La expresión, que también podría traducirse como “la chica de la brecha” o “la niña del hueco”, alude a la existencia de un ente que encuentra en aquellos pequeños resquicios de las paredes, los techos o el suelo un portal para transportarse de su realidad a la nuestra.

Proveniente de mundos que no comprendemos del todo, con intenciones que jamás conoceremos, la chica del agujero nos observa silenciosa desde aquellos zonas en los que no podemos ver más que uno de sus ojos.

conforme con la leyenda, solo aquellos desafortunados que han sido seleccionados por la pequeña podrán verla, observándonos desde su planeta a través de estos portales. Una vez vean sus ojos, su suerte estará echada, pues en algún instante del futuro ella vendrá por ellos.

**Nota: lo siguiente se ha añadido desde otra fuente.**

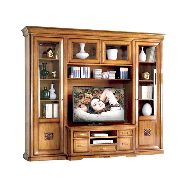 Parete tv soggiorno, parete tv componibile, arredamento zona giornoClassica, raffinata ed elegante: ecco come si presenta questa splendida composizione parete tv soggiorno.Ben lontana dalle approssimative composizioni in arte povera, tutte simili e di qualità scadente, questa parete è vera espressione della maestria artigiana di capaci mobilieri.La sua linea pulita rende questa composizione parete tv soggiorno un oggetto destinato a non passare di moda. In primo piano c'è la bellezza del legno, trattato con tinte che ne valorizzano le caratteristiche. Due motivi intagliati su legno massello di toulipier valorizzano le ante laterali e donano quel tocco di stile che completa un'opera di indubbio fascino.L'affidabilità di questo mobile da parete è davvero ai massimi livelli.Ogni composizione viene montata e poi smontata per verificarne la precisione ed affidabilità . Il montaggio, grazie alle chiare istruzioni fornite, risulta molto semplice e veloce.La struttura è costituita da materiali di prima scelta: struttura in listellare placcato toulipier da 18 mm;cornicioni, zoccolo, telaio e ante in legno massello di toulipier;Schienale in multistrato pioppo da 6 mm; cassetti lavorati a coda di rondine su legno massello e multistrati.L'installazione risulta estremamente facile perché anche questa composizione viene controllata accuratamente dal nostro personale, assemblata e smontata per verificare che tutta la fase di montaggio a cura del cliente sia priva di ogni più piccolo problema.Dimensioni di ingombro:larghezza cm 295; profondità cm 46; altezza cm 240;Dimensioni vano per Tv:larghezza cm 135; altezza cm 85;Il mobile viene fornito smontato con tutti gli accessori e chiare istruzioni per il montaggio.

Lo último que vean, anteriormente de observarse sustraídos de este planeta, será sus ojos observándolos por última vez.

En demasiados sentidos, la leyenda de la chica del agujero es una representación de nuestros peores temores: a conocer, el que existan seres ocultas allí en donde se supone que no hay nada y sean capaces de alterar nuestra realidad.

 El hecho de que sólo un ojo sea evidente le añade un poco más de terror al tema y convierte a este personaje en un ser verdaderamente temible.